This file is used to record the codes development information.
- Merge Lexical Substitution repository to this Word2Vecf repository
- Add some datasets (all for lexical substitution tasks)
- Cleaned up some redundant codes
- Rewrite Word2Vecf, which is extends from Word2Vec now, not a standalone model anymore.
- Add DeepLearning4J (DL4J) libraries, and add two examples of using DL4J to implement Word2Vec trainer and tackle some tasks as well as a Convolutional Neural Network based sentence classification tasks according to Kim. This added files located at [here].
- re-structure the Word2Vecf package and cleanup some codes.
- Rewrite Word2Vec(f) model loader and saver, merge Word2VecModel and Word2VecfModel to ModelSerializer, cleanup the abundant codes. This process significantly reduce the resource occupancy by increasing the model restore time slightly.
- Delete self-defined Pair class, change to use the Java built-in Pair function.
- Renamed some functions and classes.
- Cleaned up CollFileGenerator, DependencyGenerator and ExpressionParser.
- Adjust the codes of examples, WordNetUtils as well as classes and functions in vocabulary package.
- Add Glove embeddings to Word2Vec embeddings converter as well as GloVe embeddings example.
- Bugs fixed: fail to load context embeddings of Word2VecfModel.
- Add WordNet Utility (first version) and example.

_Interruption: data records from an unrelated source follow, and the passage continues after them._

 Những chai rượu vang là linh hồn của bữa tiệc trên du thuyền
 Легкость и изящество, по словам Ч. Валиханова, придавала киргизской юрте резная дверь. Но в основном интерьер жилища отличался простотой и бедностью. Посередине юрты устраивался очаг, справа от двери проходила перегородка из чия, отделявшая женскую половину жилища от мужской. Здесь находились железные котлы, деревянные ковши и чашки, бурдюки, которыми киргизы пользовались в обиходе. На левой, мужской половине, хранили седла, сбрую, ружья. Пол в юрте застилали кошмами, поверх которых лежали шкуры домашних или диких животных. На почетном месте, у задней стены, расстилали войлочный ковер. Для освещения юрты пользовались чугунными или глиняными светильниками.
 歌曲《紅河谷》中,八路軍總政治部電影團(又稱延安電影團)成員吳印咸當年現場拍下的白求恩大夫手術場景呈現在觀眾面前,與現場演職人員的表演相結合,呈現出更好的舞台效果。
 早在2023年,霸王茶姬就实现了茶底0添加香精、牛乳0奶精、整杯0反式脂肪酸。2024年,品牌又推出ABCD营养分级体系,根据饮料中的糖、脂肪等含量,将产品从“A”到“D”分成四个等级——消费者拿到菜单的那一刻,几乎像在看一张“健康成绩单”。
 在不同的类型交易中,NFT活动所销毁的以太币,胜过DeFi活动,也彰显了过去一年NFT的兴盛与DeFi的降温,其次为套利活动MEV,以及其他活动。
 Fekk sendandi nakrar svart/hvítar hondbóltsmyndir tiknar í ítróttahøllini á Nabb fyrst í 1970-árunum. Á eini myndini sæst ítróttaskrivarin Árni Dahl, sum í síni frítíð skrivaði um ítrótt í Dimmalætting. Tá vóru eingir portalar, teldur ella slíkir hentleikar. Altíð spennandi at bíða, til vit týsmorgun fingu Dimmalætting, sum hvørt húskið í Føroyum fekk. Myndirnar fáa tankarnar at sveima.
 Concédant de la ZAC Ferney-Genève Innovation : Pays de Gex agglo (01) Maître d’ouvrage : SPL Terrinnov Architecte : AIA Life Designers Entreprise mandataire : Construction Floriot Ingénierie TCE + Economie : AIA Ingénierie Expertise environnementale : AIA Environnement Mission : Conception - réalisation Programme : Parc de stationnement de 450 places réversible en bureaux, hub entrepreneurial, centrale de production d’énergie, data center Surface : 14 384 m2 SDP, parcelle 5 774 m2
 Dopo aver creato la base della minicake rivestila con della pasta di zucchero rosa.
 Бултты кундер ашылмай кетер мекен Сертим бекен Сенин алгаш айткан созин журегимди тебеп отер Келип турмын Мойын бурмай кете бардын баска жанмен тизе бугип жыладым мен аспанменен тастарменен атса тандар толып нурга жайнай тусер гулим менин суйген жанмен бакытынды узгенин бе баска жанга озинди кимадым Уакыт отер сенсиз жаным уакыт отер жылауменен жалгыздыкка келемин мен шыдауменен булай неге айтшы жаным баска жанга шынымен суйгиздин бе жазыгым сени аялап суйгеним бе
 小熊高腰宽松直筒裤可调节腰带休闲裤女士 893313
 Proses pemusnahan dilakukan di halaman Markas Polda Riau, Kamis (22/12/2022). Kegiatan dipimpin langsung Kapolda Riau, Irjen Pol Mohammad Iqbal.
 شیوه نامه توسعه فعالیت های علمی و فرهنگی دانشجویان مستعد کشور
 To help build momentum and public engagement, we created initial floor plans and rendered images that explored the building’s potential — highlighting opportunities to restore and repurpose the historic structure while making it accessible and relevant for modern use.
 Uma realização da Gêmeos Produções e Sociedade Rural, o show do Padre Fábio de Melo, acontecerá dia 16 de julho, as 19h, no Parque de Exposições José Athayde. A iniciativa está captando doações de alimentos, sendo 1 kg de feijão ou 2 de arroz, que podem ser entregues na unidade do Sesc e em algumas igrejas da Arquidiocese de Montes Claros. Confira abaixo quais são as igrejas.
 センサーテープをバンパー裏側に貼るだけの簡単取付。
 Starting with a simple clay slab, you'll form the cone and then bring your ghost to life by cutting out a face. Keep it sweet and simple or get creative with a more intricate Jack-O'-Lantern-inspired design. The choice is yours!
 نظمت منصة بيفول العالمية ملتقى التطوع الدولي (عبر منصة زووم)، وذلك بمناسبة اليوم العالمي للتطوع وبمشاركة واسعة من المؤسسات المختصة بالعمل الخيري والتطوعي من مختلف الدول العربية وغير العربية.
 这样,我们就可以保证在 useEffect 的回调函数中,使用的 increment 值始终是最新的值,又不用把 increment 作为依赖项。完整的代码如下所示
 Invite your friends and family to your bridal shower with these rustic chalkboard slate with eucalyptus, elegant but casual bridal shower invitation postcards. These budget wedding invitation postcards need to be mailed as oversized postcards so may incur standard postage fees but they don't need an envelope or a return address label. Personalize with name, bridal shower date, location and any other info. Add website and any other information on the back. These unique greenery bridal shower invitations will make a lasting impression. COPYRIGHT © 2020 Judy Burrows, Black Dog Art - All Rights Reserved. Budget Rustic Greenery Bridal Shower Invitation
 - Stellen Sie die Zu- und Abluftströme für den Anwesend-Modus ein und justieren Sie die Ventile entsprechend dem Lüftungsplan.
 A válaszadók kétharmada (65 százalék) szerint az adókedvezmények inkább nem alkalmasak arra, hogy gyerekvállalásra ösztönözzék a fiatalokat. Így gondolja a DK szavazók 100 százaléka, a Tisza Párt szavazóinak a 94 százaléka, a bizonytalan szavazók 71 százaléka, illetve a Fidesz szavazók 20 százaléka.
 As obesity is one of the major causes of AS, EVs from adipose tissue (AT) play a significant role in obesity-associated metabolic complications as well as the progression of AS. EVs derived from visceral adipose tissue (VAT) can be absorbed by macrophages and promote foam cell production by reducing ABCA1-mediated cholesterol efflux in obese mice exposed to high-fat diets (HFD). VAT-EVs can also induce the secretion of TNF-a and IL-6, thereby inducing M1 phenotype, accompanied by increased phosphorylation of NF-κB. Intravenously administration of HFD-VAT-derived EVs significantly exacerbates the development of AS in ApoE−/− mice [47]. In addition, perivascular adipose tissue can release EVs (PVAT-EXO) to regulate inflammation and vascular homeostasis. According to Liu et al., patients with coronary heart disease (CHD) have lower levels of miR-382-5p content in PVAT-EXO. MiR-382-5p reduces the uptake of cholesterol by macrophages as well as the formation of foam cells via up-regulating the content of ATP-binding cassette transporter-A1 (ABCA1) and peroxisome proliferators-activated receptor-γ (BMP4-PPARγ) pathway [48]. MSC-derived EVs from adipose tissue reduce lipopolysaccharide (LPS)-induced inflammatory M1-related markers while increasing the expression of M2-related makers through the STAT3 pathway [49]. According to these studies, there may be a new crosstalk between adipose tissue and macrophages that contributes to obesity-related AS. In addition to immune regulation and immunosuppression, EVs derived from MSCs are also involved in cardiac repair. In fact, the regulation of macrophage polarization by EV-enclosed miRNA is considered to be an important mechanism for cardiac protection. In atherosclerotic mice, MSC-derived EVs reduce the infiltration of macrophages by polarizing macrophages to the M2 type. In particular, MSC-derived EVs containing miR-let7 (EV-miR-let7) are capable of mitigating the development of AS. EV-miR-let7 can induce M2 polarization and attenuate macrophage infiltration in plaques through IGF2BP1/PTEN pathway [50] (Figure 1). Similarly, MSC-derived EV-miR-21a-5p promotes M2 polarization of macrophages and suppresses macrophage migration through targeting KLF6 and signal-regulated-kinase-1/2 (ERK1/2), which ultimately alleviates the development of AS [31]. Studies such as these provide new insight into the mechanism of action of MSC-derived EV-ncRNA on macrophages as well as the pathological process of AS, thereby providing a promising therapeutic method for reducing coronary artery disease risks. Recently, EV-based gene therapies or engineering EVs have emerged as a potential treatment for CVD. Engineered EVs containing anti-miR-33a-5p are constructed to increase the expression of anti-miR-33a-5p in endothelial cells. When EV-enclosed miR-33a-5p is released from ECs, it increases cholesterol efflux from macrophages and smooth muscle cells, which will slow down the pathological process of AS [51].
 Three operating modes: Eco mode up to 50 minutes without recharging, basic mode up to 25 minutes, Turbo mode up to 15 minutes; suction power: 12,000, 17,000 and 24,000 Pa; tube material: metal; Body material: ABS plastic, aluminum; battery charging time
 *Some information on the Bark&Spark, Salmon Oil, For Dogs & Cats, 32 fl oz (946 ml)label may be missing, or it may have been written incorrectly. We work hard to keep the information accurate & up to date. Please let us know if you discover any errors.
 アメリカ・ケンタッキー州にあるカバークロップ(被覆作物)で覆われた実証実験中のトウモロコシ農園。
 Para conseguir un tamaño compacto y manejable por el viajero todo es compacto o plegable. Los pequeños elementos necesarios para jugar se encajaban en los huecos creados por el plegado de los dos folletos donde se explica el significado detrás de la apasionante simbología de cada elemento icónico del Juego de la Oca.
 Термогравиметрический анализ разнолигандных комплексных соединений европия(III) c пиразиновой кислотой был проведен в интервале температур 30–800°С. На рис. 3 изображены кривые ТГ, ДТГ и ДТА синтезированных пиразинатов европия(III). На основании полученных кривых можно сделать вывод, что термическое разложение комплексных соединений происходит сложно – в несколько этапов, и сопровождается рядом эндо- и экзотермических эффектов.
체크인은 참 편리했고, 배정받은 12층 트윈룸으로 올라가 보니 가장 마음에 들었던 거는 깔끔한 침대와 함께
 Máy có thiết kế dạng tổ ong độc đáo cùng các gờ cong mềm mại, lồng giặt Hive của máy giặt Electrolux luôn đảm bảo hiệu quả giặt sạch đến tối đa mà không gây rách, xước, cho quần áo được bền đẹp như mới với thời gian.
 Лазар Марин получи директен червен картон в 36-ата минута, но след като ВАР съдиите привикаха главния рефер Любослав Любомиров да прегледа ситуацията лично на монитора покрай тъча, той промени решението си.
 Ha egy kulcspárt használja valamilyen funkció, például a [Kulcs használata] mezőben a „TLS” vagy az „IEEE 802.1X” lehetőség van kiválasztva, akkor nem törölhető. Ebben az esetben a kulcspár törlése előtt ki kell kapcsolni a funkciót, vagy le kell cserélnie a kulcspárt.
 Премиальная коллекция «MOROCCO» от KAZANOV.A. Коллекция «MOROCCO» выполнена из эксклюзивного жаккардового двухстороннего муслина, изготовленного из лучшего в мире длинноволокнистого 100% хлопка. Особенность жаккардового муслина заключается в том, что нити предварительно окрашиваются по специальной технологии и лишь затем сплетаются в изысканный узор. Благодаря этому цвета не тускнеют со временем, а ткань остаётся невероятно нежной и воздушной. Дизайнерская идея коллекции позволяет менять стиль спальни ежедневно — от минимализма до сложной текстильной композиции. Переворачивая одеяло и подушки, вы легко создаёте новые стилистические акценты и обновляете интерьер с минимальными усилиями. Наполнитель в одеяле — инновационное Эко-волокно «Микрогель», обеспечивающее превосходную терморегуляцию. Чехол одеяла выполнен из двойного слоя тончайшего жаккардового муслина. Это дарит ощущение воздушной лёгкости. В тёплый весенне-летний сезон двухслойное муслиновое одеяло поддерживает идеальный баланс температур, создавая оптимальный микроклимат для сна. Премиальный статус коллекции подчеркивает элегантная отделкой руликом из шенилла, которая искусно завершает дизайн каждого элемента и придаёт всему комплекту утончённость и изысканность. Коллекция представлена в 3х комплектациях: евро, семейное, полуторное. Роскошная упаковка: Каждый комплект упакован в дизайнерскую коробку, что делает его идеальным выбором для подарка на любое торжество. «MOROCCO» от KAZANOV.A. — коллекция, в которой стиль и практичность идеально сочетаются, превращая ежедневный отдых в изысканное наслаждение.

- For Word2VecModel, 8GB RAM is required, for Word2VecfModel, 16 GB RAM is required. (Testing embeddings: word embeddings--more than 200000 words, 500 dim; context embeddings--more than 850000 contexts, 500 dim)
- Some bugs fixed.
- Compatible with Word2Vec, say, you can use this repository to load trained result by Word2Vec, and perform similarity, nearest words tasks and etc. (Using Word2Vec and Word2VecModel, see Word2VecExample.java in examples)
- Rewrite embeddings load function, decrease resource occupancy
- Split Word2Vecf and Word2VecfModel and clean up redundant codes, Word2Vecf is separated to Word2Vecf and Word2Vec, where Word2Vecf handles word and context embeddings, while Word2Vec handles word embeddings only. Word2VecfModel is separated to Word2VecModel and Word2VecfModel, similar to Word2Vecf...
- For training, vectors use double-precision (double), then those vectors are converted to single-precision (float) to store (in order to save disk space and fast load).
- Rewrite the codes and change the structure.
- Add Lexical Substitute methods (Add, BalAdd, Mult, BalMult) and demo test.
- Add WordSim353 task.
- Add TOEFL synonym questions solving task.
- Add SynSem analogy task.
- User defined parameters.
- Still... some bugs need to be fixed.
This is the very beginning version.
- Achieves the pre-process and training process.
- The parameter setting is fix according to the Levy's paper.
- Some bugs also need to be fixed.